Photographer: Carla Gottgens/Bloomberg

Zambia Copper Output to Rise 4% to Record, Lobby Group Says

  • Power price resolution could come within ‘weeks’, chamber says
  • Government won’t ‘choke’ mining companies with power costs

Zambia’s copper output will climb by about 4 percent to a record this year as operators near a resolution with government over power prices, according to the Chamber of Mines in Africa’s second-biggest producer of the metal.

Production will increase to about 800,000 metric tons, said Nathan Chishimba, president of the lobby group. That would be higher than the 770,600 tons mined last year, and exceed a previous record of about 790,000 tons in 2013. The forecast is less optimistic than a projection by Christopher Yaluma, the mining minister, who sees output jumping to 850,000 tons.

Negotiations over a proposed power-tariff increase for the industry that accounts for more than half of Zambia’s electricity consumption are “progressing well,” Chishimba said Tuesday in an interview in Kitwe, Copperbelt province. Most Zambia mines rejected an increase the government imposed in 2014, and again at the start of 2016, and talks have been ongoing.

“There could be one or two sticking points but I’m not sure if those will be show-stoppers,” Chishimba said. “I can confidently say that we hope to see resolution in the next few weeks.”

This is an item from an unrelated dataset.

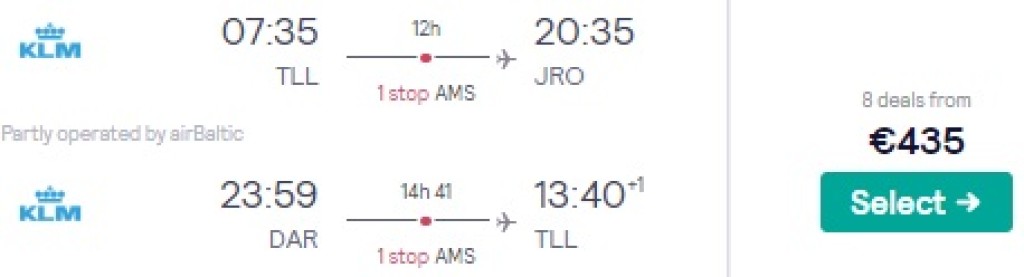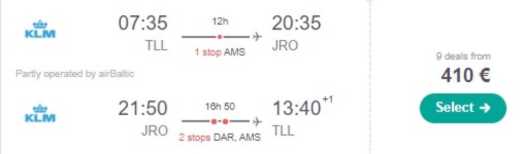 Hetkel leiad väga hea hinnaga lennupileteid Tallinnast Tansaaniasse (Kilimanjaro, Dar Es Salaam, Sansibar). Soodsa hinnaga lennupileteid pakub KLM. Hea hinnaga lennupileteid leiab veebruarist kuni maini. Piletiteni jõudmiseks kasuta allpool olevaid otselinke või otsi endale huvipakkuvad lennupiletid üles läbi Skyscanneri.

The lobby group has said in the past tariffs should be set according to the cost of producing power. Zambia’s energy regulator in April appointed U.K.-based Economic Consulting Associates to study this, with the report due 12 months from then.

The government wants to recoup costs, while ensuring copper producers are profitable, Yaluma said earlier Tuesday. “We are not trying to choke anybody’s throat,” he said.

Mining companies including Glencore Plc, Vedanta Resources Plc and Barrick Gold Corp. have operations in Zambia.

Zambia’s copper industry is rebounding after prices for the metal used in wiring and plumbing fell 25 percent in 2015, the same year the country suffered its worst power crisis on record, leading to mine closures and thousands of job losses. Prices have risen about 1.5 percent this year to $5,616 per metric ton.